Marriage is the final initiation into the Balinese community. Most Balinese consider it an important social obligation to raise a family and carry on the family name, and only a stable married man or household head may become a member of the banjar. A person who never marries is looked upon as an oddity; if a man dies a bachelor the Balinese say that in the next life he will feed pigs, a woman's task. If a woman dies childless, she is doomed to be suckled by a giant caterpillar.

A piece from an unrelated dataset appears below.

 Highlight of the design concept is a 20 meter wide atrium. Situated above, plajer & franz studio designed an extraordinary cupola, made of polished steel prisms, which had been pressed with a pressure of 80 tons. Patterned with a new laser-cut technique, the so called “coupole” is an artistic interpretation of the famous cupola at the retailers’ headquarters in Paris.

     Many Balinese marriages are still prearranged or negotiated, though young men may also "kidnap" their wives, and mixed-caste marriages are increasingly common. Marriage customs differ from caste to caste and village to village, but all Balinese marriage practices share fundamental similarities. There are basically two ways to get married on Bali, ngerorod and mapadik.

Ngerorod
This is marriage by elopement, in which the prearranged honeymoon precedes the wedding ceremony. Since it's otherwise quite expensive to marry on Bali, ngerorod is becoming more and more popular. It has particular appeal to the Balinese sense of theater. Balinese love a spectacular kidnapping in which friends of the suitor capture a woman in the fields, on the road, or down by the river. Theatrics are paramount: she is expected to bite and kick her abductors in mock self-defense. These days it's more stylish and fashionable for the woman to be whisked away in a hired sedan, and more often than not she goes willingly. The couple then repairs to a friend's house stocked with provisions, offerings, and the bride's wardrobe. The woman's infuriated father sounds the alarm demanding to know what has become of his daughter. A search party is organized which eventually returns unsuccessful and exhausted.

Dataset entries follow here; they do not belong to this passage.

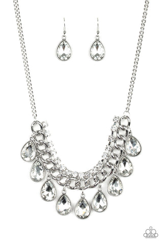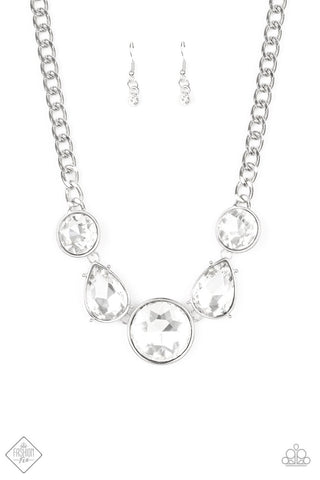 Alluring - 2023 Zi Collection - White Rhinestone Gold Paparazzi Statement Short Necklace
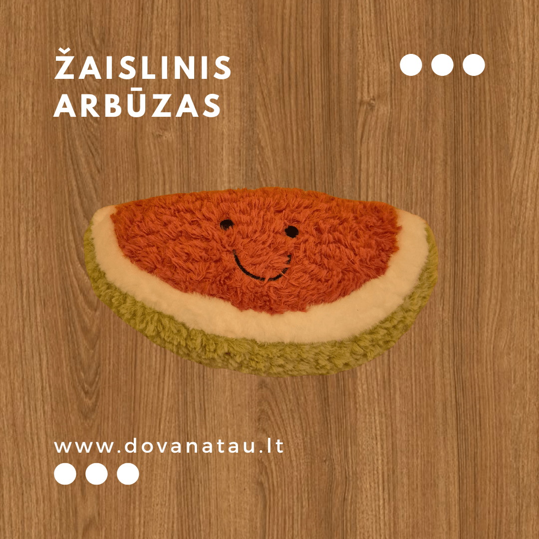 Žaislinis arbūzas su šypsena. Padovanok žaislą, kartu ir emocijas. Dydis - 13x25 cm.
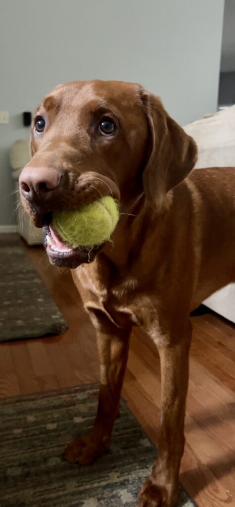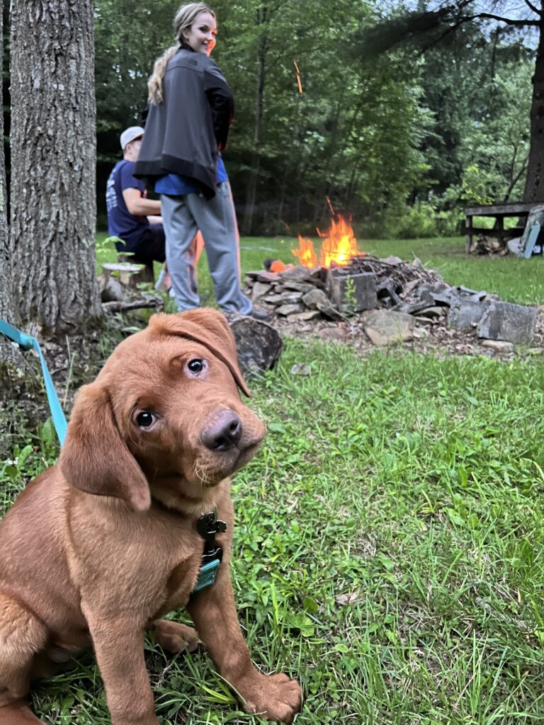 The young pup “absolutely loves playing outside with his frisbee and soccer ball,” she adds, and he “loves chewing up sticks and making a mess of the yard. He loves going to the family cabin and watching the boys fish. He enjoys car rides and visits to Lowes, Tractor Supply and PetSmart. He loves pup cups at DQ and Oola Bowls.”
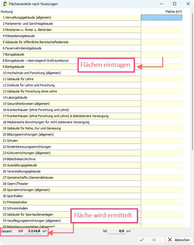 Zusätzliche Allgemeine Projektdaten für Nichtwohngebäude

     Meanwhile, the couple is consummating the marriage before special offerings (sesayut tabuh rah) have the time to wilt. These offerings alone make the marriage binding by customary law. Emissaries of the groom visit the bride's father to argue the advantages of the union. Begrudgingly, the girl's father gives in, after a suitable bride price has been agreed upon. The groom's father must finance and conduct the marriage ceremony, welcoming the bride as a new daughter into the family. The actual public wedding, within 42 days of the staged kidnapping, is only an official confirmation of their union. They are already married in the eyes of the gods.

Mapadik
This is marriage by consent, in which an upper-class couple conducts a formal courtship. Since daughters were once regarded as property useful for attaining a family's social and political goals, high-caste families tried to wed a son to the daughter of a friend or relative so a blood bond would unite the resources of both families.

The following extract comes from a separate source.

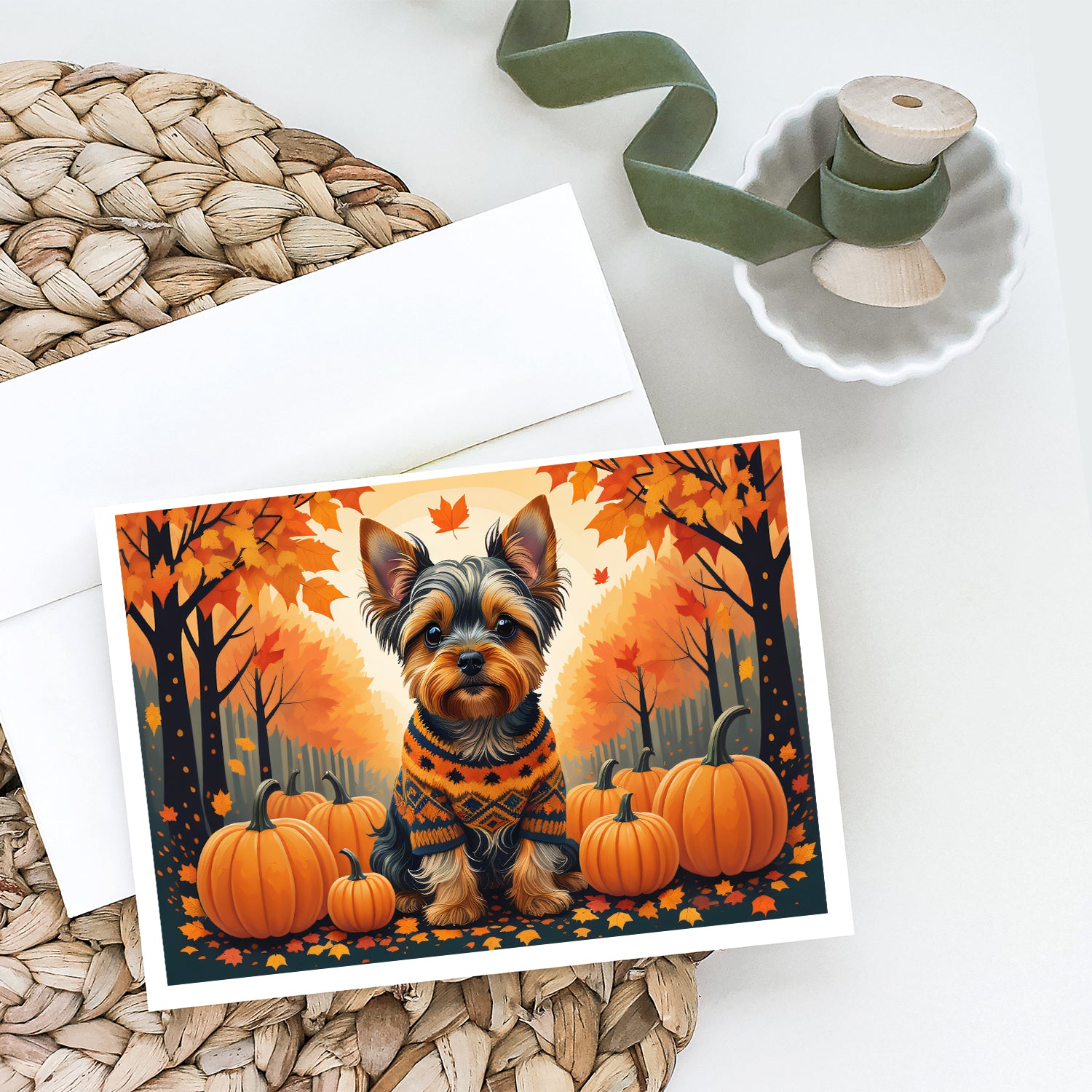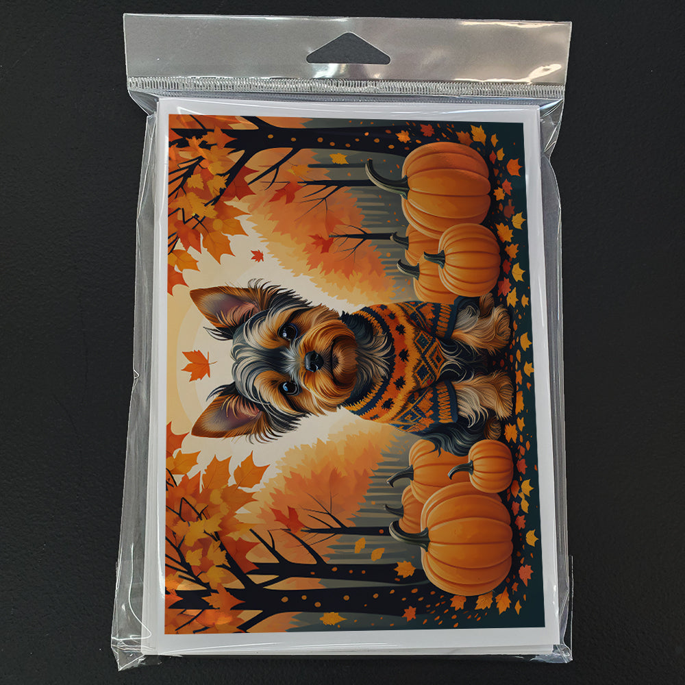 Yorkshire Terrier Fall Greeting Cards and Envelopes Pack of 8

     Under no circumstances may a woman "marry down," i.e., take a commoner. The preferred marriage is through a parallel patricousin, the father's brother's daughter. It has been noted that Triwangsa couples often get along so well because they are all first cousins.
     Traditionally, the man or his father jouneys three times to the bride's house with food and sirih. When the bride's family visits, the groom's father is obliged to give them food, sirih is chewed (an ancient, ritualistic means of coming to agreement), and presents are exchanged. The groom then regularly visits the home of his prospective bride, presenting gifts and performing services for his future father-in-law.
     The groom's family arranges and pays for the wedding, the date set well in advance on a propitious day. Wedding guests are often entertained by professional storytellers and musicians. Enormously detailed rules govern dining and seating arrangements. Sometimes the bride's family is not even invited.
     The actual ceremony varies. It could be very simple and short, presided over by a common temple pemangku, or it may be elaborate, expensive, and go on all day. Both the bride and groom dress in bright songket, with brocades of gold thread, and the woman's hair is decorated with glittering gold flowers.
     Usually the bride and groom offer food to one another, then simulate such domestic duties such as washing, cooking rice, and cutting bamboo. Prayers are intoned, then the couple eats together in public, feeding each other. This is an important symbolic act, as in former times only married men and women were allowed to eat food together in public. The priest then performs a ritual purification and blesses the couple. Neither rice nor flowers are thrown. Today there could very well be a Western-style buffet reception held afterward where speeches are offered by members of the two families.

Married Life
After the wedding, the new bride leaves her old ties behind and formally becomes a member of the husband's kin group and caste, serving the new family's gods. The couple resides in the house of the husband's parents for the first few years; relations with her own family may be severed.
     The wife owns all her clothes, jewelry, household utensils, pigs, and chickens, and often has her own income from the sale of market goods. Inheritance is invariably passed along the male line; the man owns the house, the rice fields, the cattle, and his tools, and is in charge of handling the money.
     Polygamy amongst the aristocracy was once widespread but is now quite rare. At one time the wife of a prince could hold varying levels of status in a puri, depending upon her caste and whether she ranked as first, second, third, or fourth wife. The prince usually did not even appear at his wedding ceremony with a low-caste bride; she was ceremonially married to his kris, or a tree.
     A man may be awarded a divorce by the village authorities if his wife is lazy, quarrelsome, adulterous, or sterile, while a woman may divorce her husband by simply leaving his home if he is cruel, under an occult power, or impotent.